**Directions:** Restate all the data word for word and omit the pictures.

BEGIN Dataset content

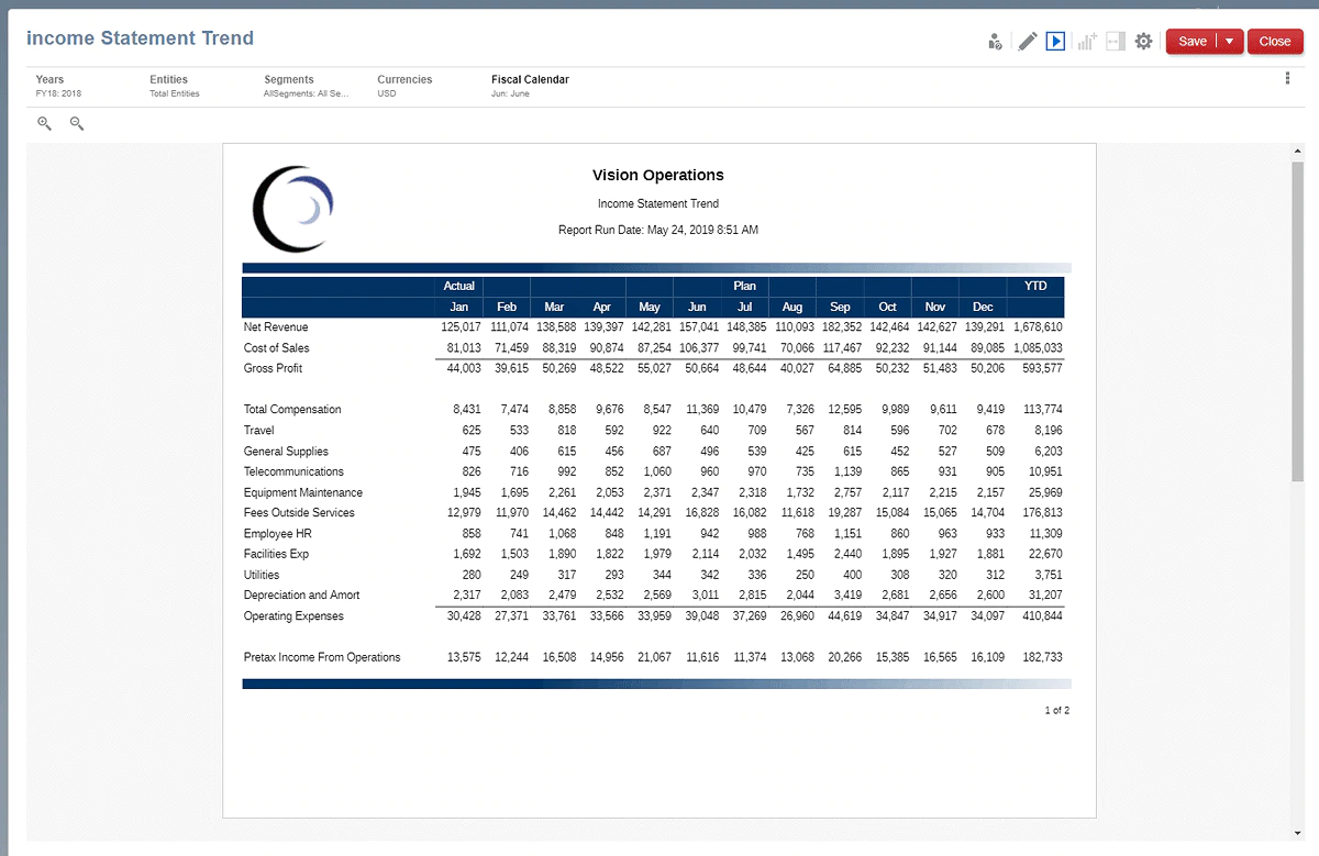 Create grids, charts, reports, and narratives using Microsoft Office and Management Reporting.
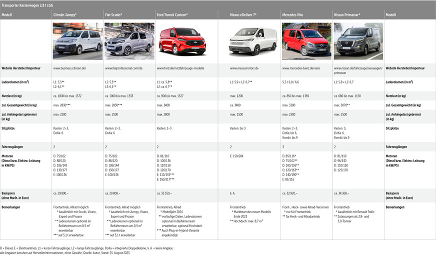 Für die Kaufentscheidung könnten weitere Modelle interessant sein, die (mit größerem Laderaum) für die Klasse der 3,5-Tonner entwickelt wurden, jedoch durch Ablastung als 2,8- bzw. 3-Tonner gehandelt werden:
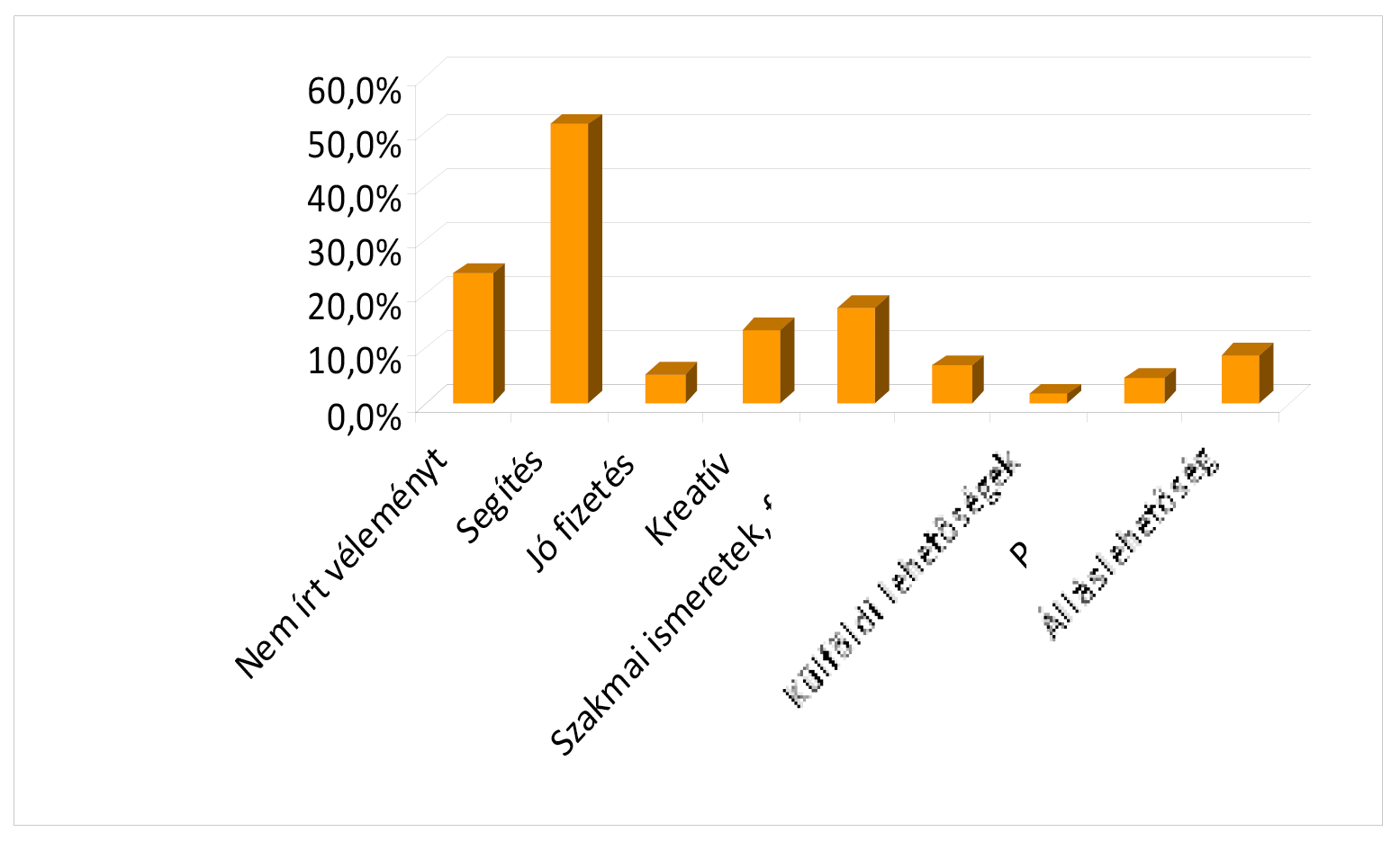 Itt is megfigyelhetjük a válaszok egyszerűségét, kevés kreatív ötletet tartalmaznak. A hallgatók 20%-a nem is gondolkodott e kérdésről. A válaszadók felénél a segítői attitűd, mint vonzó tényező a legfontosabb. A mindennapi munkában való helytállás során fontos tényező annak ismerete, hogy milyen pozitív, előnyös jellemzői vannak a tevékenységnek. A képzés során ennek tudatosítása alapvető feladat.

END Dataset content

**Completed exercise:**
 Create grids, charts, reports, and narratives using Microsoft Office and Management Reporting.
 Für die Kaufentscheidung könnten weitere Modelle interessant sein, die (mit größerem Laderaum) für die Klasse der 3,5-Tonner entwickelt wurden, jedoch durch Ablastung als 2,8- bzw. 3-Tonner gehandelt werden:
 Itt is megfigyelhetjük a válaszok egyszerűségét, kevés kreatív ötletet tartalmaznak. A hallgatók 20%-a nem is gondolkodott e kérdésről. A válaszadók felénél a segítői attitűd, mint vonzó tényező a legfontosabb. A mindennapi munkában való helytállás során fontos tényező annak ismerete, hogy milyen pozitív, előnyös jellemzői vannak a tevékenységnek. A képzés során ennek tudatosítása alapvető feladat.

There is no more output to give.